Report says Digital Rights are Human Rights
Warwick Andersen, Rob Pulham and Georgia Mills
Digital Rights Watch, an organisation with the aim of upholding digital rights, yesterday released its State of Digital Rights Report. The Report focuses on and makes recommendations about digital privacy in Australia including metadata retention.
The Report is endorsed by several human rights organisations, including the Australian Privacy Foundation, Australian Lawyers for Human Rights, Amnesty International Australia, the Human Rights Law Centre and Save the Children Australia.
In making more than 24 recommendations, the Report takes particular aim at the Australian Federal Government’s mandatory data retention scheme, advocating for its abolition. The scheme requires telecommunication service providers to retain metadata for 2 years, which can then be accessed at any time without a warrant by law enforcement and security agencies. Metadata is not the communication itself, but details of the communication, such as the subscriber name, the source and destination of the communication, the location of the device making the communication and the time it was made. Arguably, metadata can often provide more information than the content of the communication itself.
Introduced in 2015, the regime “risks creating a chilling effect on freedom of expression in Australia and violates the right to privacy” says Lizzie O’Shea, a contributor to the Report. The Attorney General’s Department website states that metadata is used in the course of nearly every serious criminal or national security investigation.
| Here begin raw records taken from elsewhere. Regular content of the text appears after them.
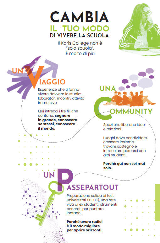 Gli anni della scuola superiore sono decisivi nella formazione dell’identità della persona. Frequentare uno dei tre licei di Karis College significa ricevere una proposta ad ampio raggio che spazia dal rapporto con la tradizione al presente. Karis College è un ponte verso il futuro. Un luogo che valorizza talenti e passioni, offrendo tre indirizzi diversi per crescere, conoscersi e camminare con fiducia verso i propri ideali.
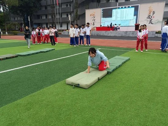 教师队伍闪亮登场,平时严肃的班主任化身体育健将,科任老师变身游戏“黑马”。同学们纷纷为老师呐喊助威,赛场秒变大型“师生互夸”现场。这一刻,没有讲台与课桌的距离,只有欢笑与掌声的共鸣!
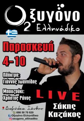 *Το Οξυγόνο ελληνάδικο στην Διομήδειασας περιμένει σήμερα στο πρώτο του live με τον Σάκη Καζάκο!
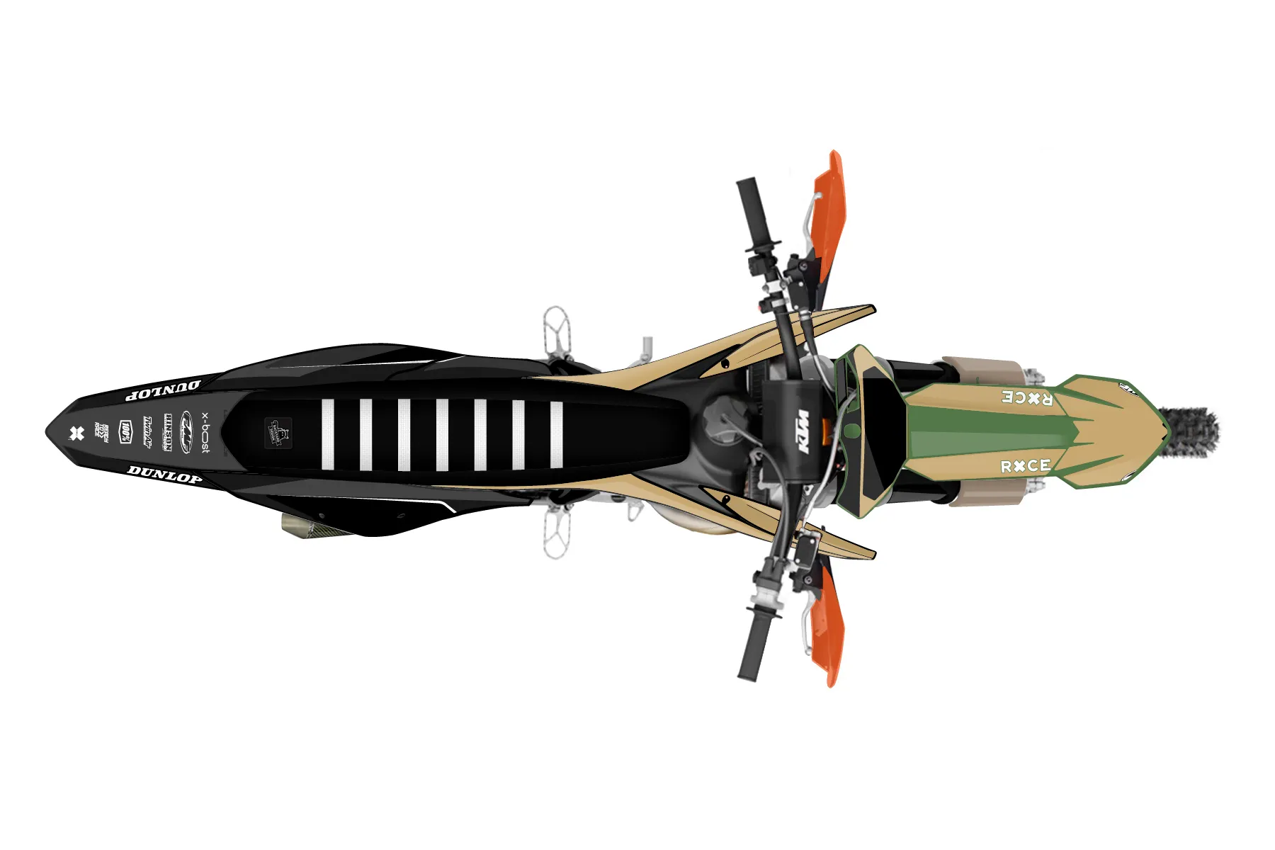 «Thrive» — готовый комплект графики серии Flow для KTM Offroad Graphic Kit KTM XC 250 2019. В комплекте: графика на бак и боковые облицовки, крылья (переднее и заднее), передний щиток, номерные таблички, защита вилки. Материал: ПВХ-винил 80 мкр с холодной ламинацией 300 мкр, общая толщина 380 мкр; покрытие глянцевое или матовое на выбор. Устойчив к UV-излучению, воде, бензину и мойке высокого давления. Клей акриловый на сольвентной основе — постоянный, для гибких пластиков. На простых поверхностях монтируется без нагрева; для сложных изгибов рекомендуем фен. Этот пресет можно заказать как есть или взять за основу в конструкторе: поменять цвета, добавить стартовый номер и свой бренд. Производство — 3–5 рабочих дней, доставка по России СДЭКом или Почтой, по СНГ — курьерскими службами.
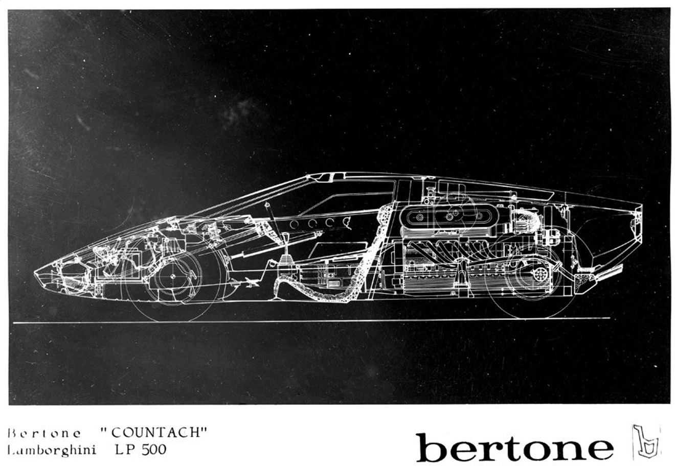 A chalkboard was used to express the idea. (edit:01/21/16) As per drawing,5L-V12 Longitudinal. The actual Countach we drooled on at the show in TO,I recalled the fitment of the frunk,so I 'repaired' it in Gimp.I even like the color,new in 69. A longitudinal mid. (IMG:style_emoticons/default/biggrin.gif) |
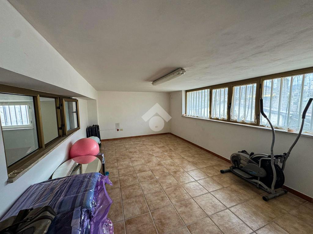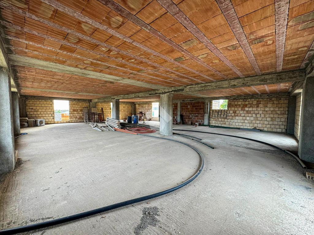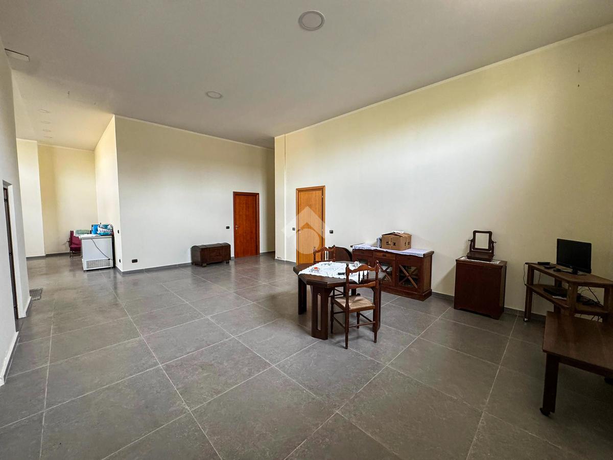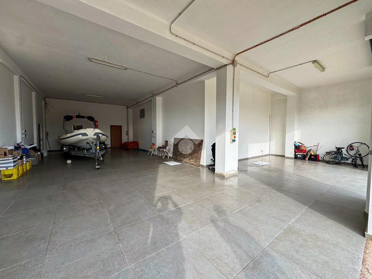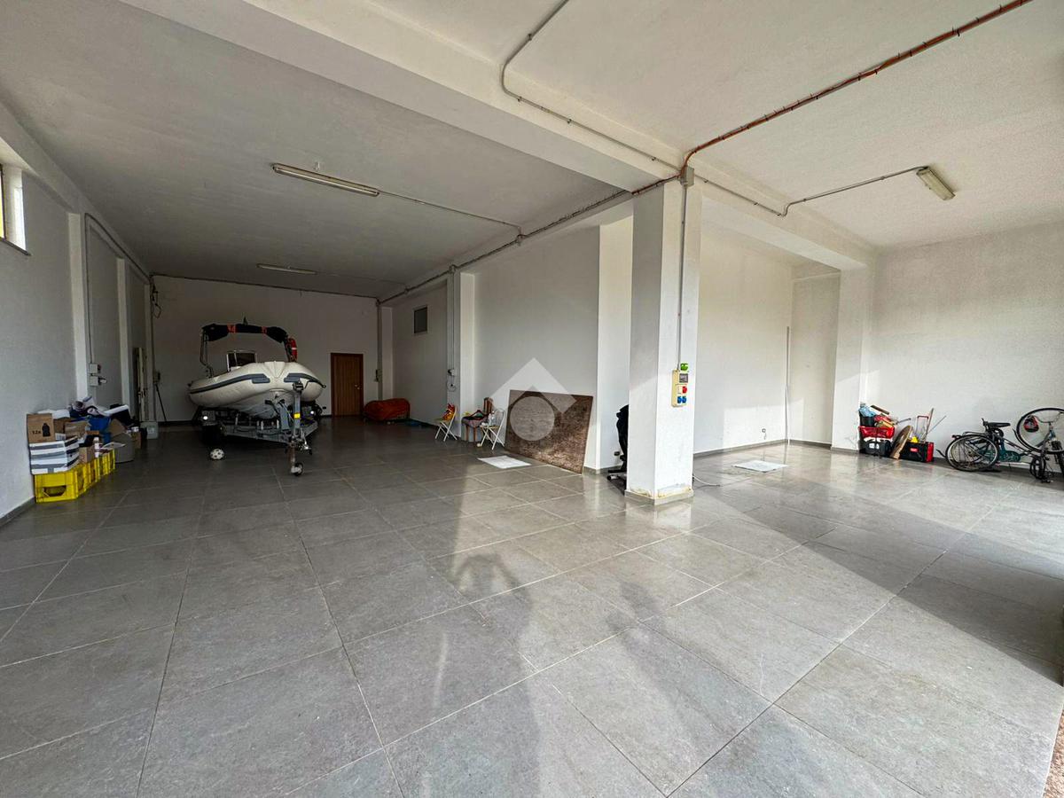 Al piano terra, un ampio magazzino di 350 mq, classificato come laboratorio (Catasto C3), offre impianti idrico ed elettrico di recente installazione, oltre a un bagno funzionale.

The Report also argues for the introduction of a number of measures to improve data protection for Australians including introducing a statutory cause of action for serious invasions of privacy. Recognising the inherent tension between maintaining the privacy of individuals online and protecting the safety of the community, the Report aims to promote transparency of government action and limit it to what is necessary. Given the potential utility to a government, and law enforcement, of having such information available for it to interrogate, it is unlikely that we will see any rollback of the mandatory retention laws anytime soon.